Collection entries
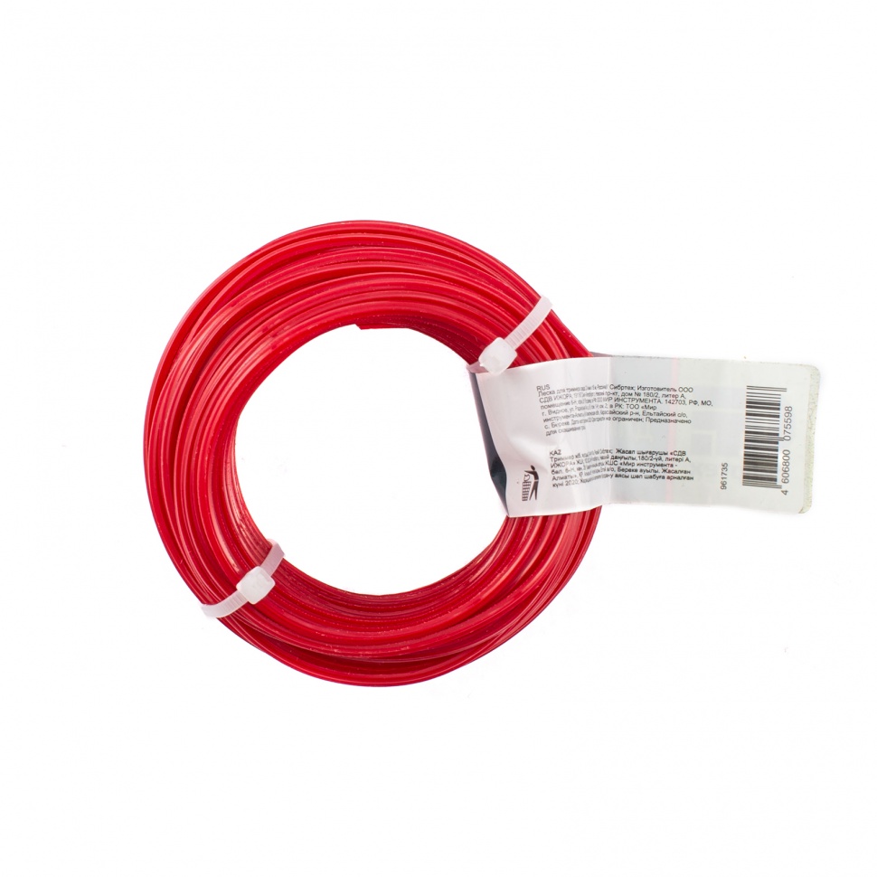 Леска для триммера Сибртех 961735 с сечением «звезда», толщиной 2,4 мм и длиной 15 м заправляется в триммерную катушку и совместима с электро- и бензокосам. Подходит для стрижки газона, борьбы с сорняками и сухой травой, для скашивания бурьяна, молодых кустарников. Используется для ухода за придомовой территорией.
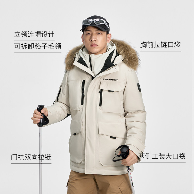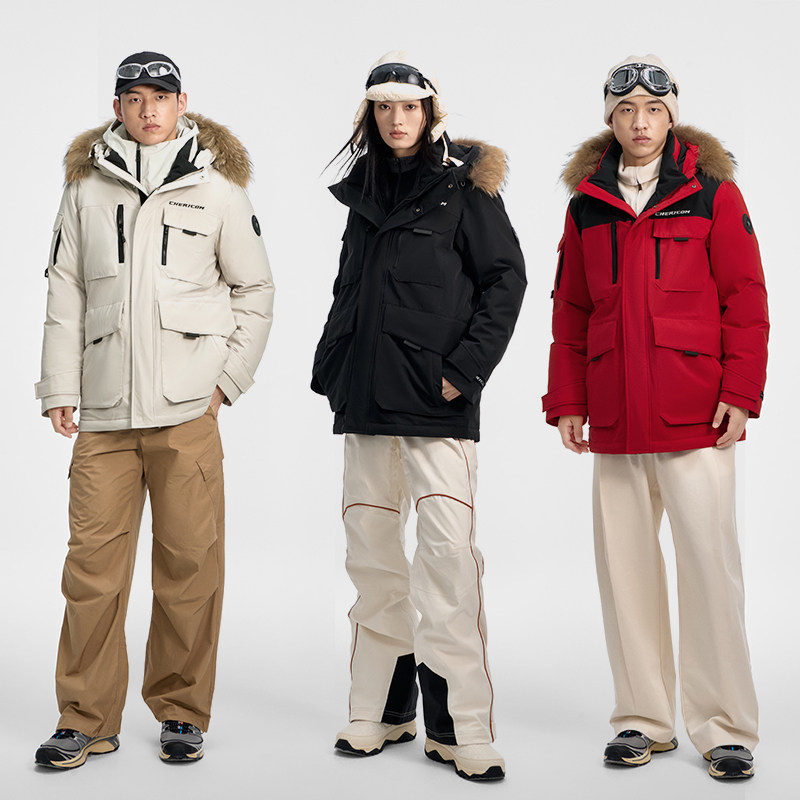 【李佳琦直播间】雪中飞2025鹅绒男女貉子毛领复古工装派克羽绒服
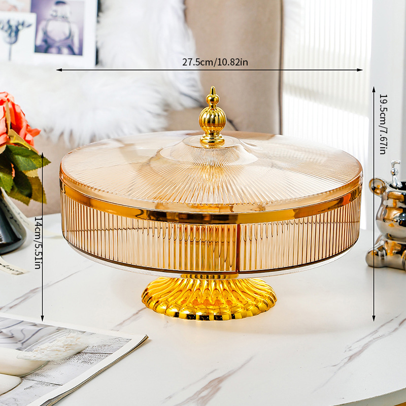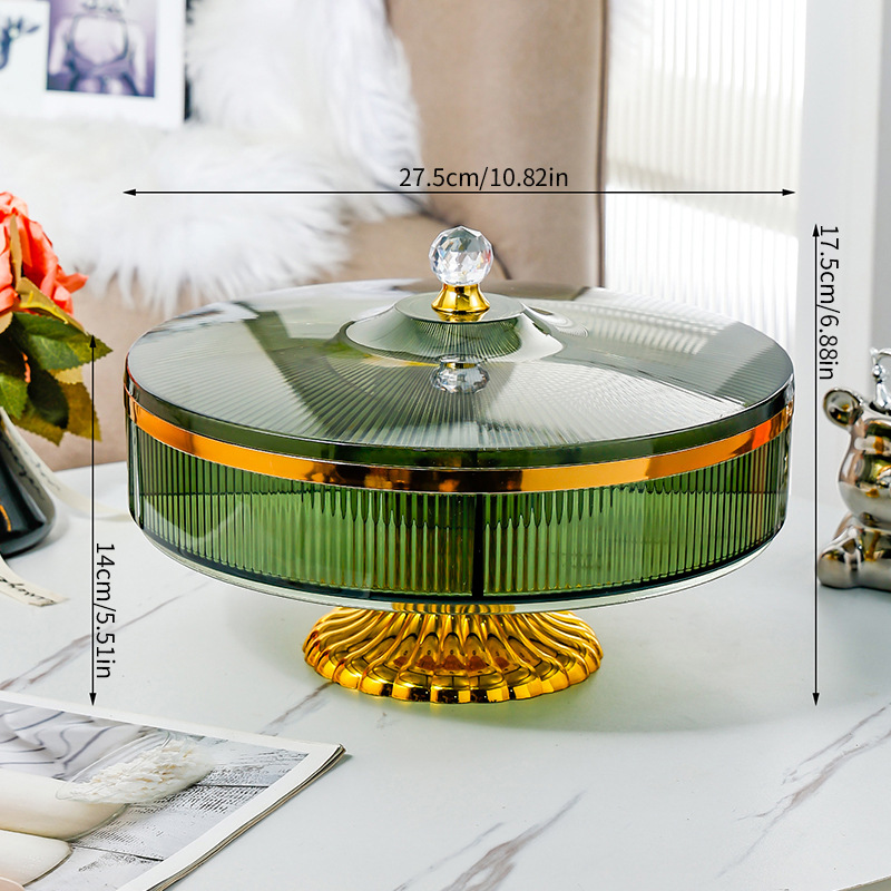 • 키가 큰 타워 비즈 과일 녹색 줄무늬 금테 사탕 상자 단일 레이어
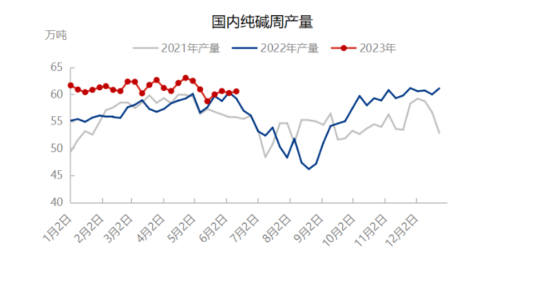 从纯碱产量可以看出,2023年以来,纯碱的产量整体表现相对稳定,平均周度产量61万吨左右,期间有装置波动,但整体影响不大。随着天气的升温,纯碱检修预期增强,有检修计划的企业增多,远兴新产能也即将投放。对于6月而言,检修企业不多,供应预期平稳,产量波动预期月底开始。
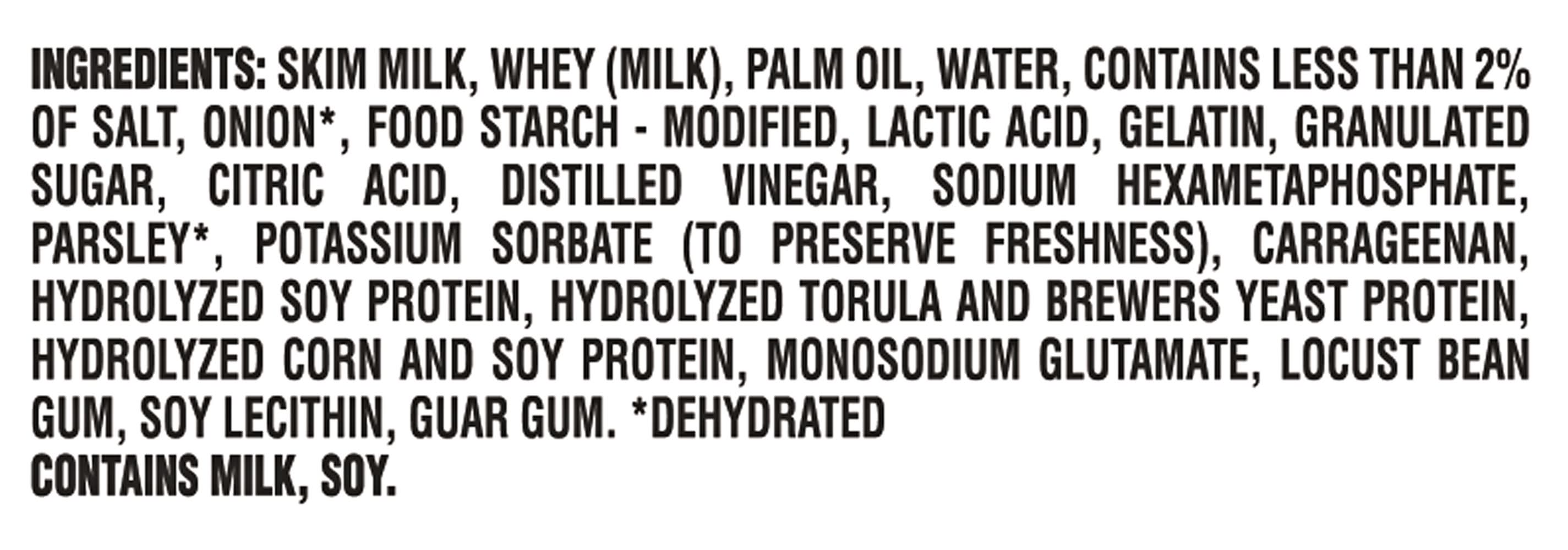Ingredients: SKIM MILK, WHEY (MILK), PALM OIL, WATER, CONTAINS LESS THAN 2% OF SALT, ONION*, FOOD STARCH - MODIFIED, LACTIC ACID, GELATIN, GRANULATED SUGAR, CITRIC ACID, DISTILLED VINEGAR, SODIUM HEXAMETAPHOSPHATE, PARSLEY*, POTASSIUM SORBATE (TO PRESERVE FRESHNESS), CARRAGEENAN, HYDROLYZED SOY PROTEIN, HYDROLYZED TORULA AND BREWERS YEAST PROTEIN, HYDROLYZED CORN AND SOY PROTEIN, MONOSODIUM GLUTAMATE, LOCUST BEAN GUM, SOY LECITHIN, GUAR GUM. *DEHYDRATED CONTAINS: MILK, SOYBEAN.
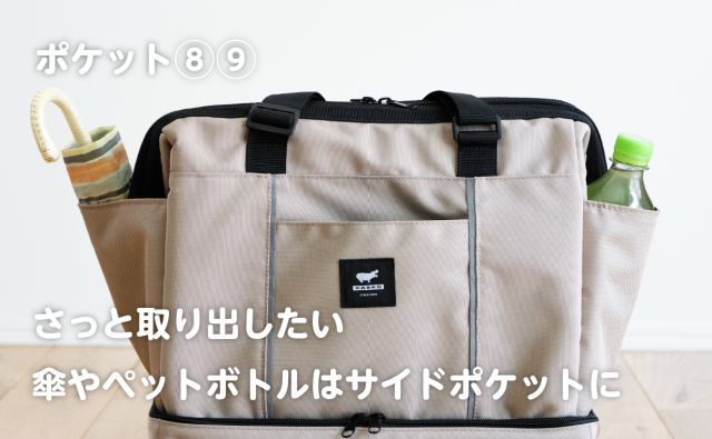 カバンの外側サイドには、折り畳み傘やペットボトルが入ります。裏地には透明なビニール素材を用いているので、濡れていてもカバンの中まで浸透することはありません。
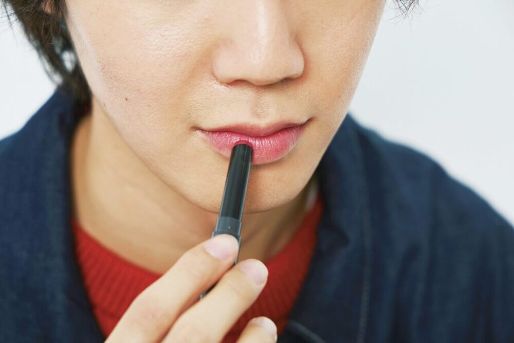 直塗りでOK。くすみ系のレッドカラーは使いやすく、あると便利な1本。ギャツビー ザ デザイナー リップ&アイカラーリングスティック スモーキーレッド ¥1,760/マンダム
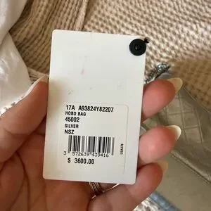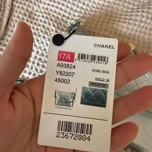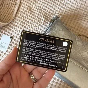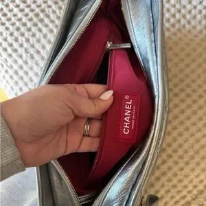 Chic Chanel crossbody in metallic silver. Features quilted design and chain strap. Ideal for stylish outings.
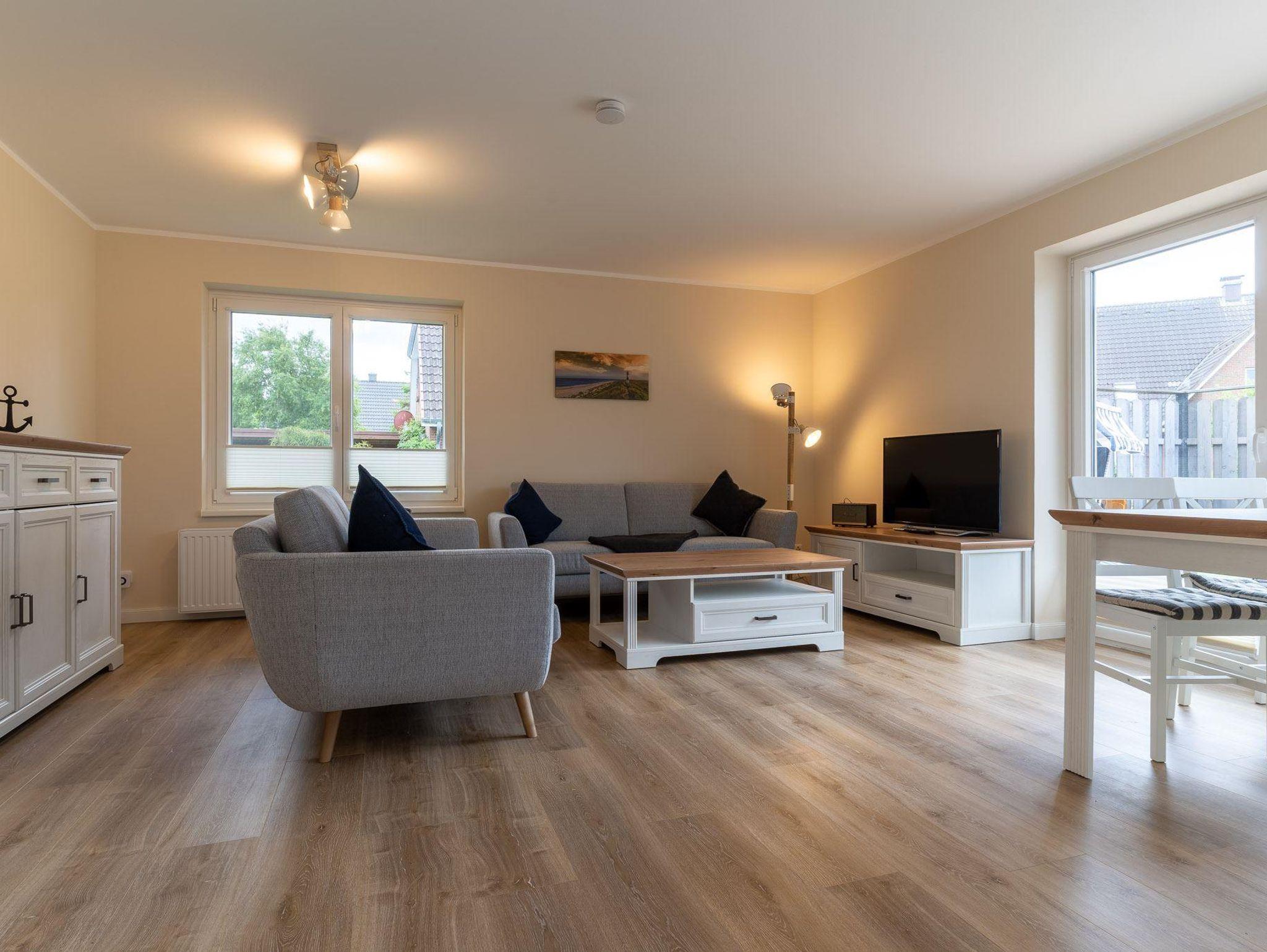 Geschmackvoll eingerichtetes Ferienhaus in St. Peter-Ording, nahe Strand und Kinderspielplatz, ideal für Familien und Haustiere.
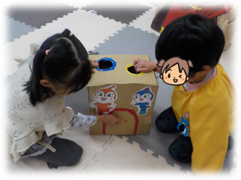 手作りおもちゃで、みんなが楽しそうに遊んでいる姿を

WHAT IS REQUIRED
Repeat exactly the lines from the first line of the records above through the line containing "从纯碱产量可以看出,2023", leaving out the pictures.

OUTPUT FOR THIS EXERCISE
 Леска для триммера Сибртех 961735 с сечением «звезда», толщиной 2,4 мм и длиной 15 м заправляется в триммерную катушку и совместима с электро- и бензокосам. Подходит для стрижки газона, борьбы с сорняками и сухой травой, для скашивания бурьяна, молодых кустарников. Используется для ухода за придомовой территорией.
 【李佳琦直播间】雪中飞2025鹅绒男女貉子毛领复古工装派克羽绒服
 • 키가 큰 타워 비즈 과일 녹색 줄무늬 금테 사탕 상자 단일 레이어
 从纯碱产量可以看出,2023年以来,纯碱的产量整体表现相对稳定,平均周度产量61万吨左右,期间有装置波动,但整体影响不大。随着天气的升温,纯碱检修预期增强,有检修计划的企业增多,远兴新产能也即将投放。对于6月而言,检修企业不多,供应预期平稳,产量波动预期月底开始。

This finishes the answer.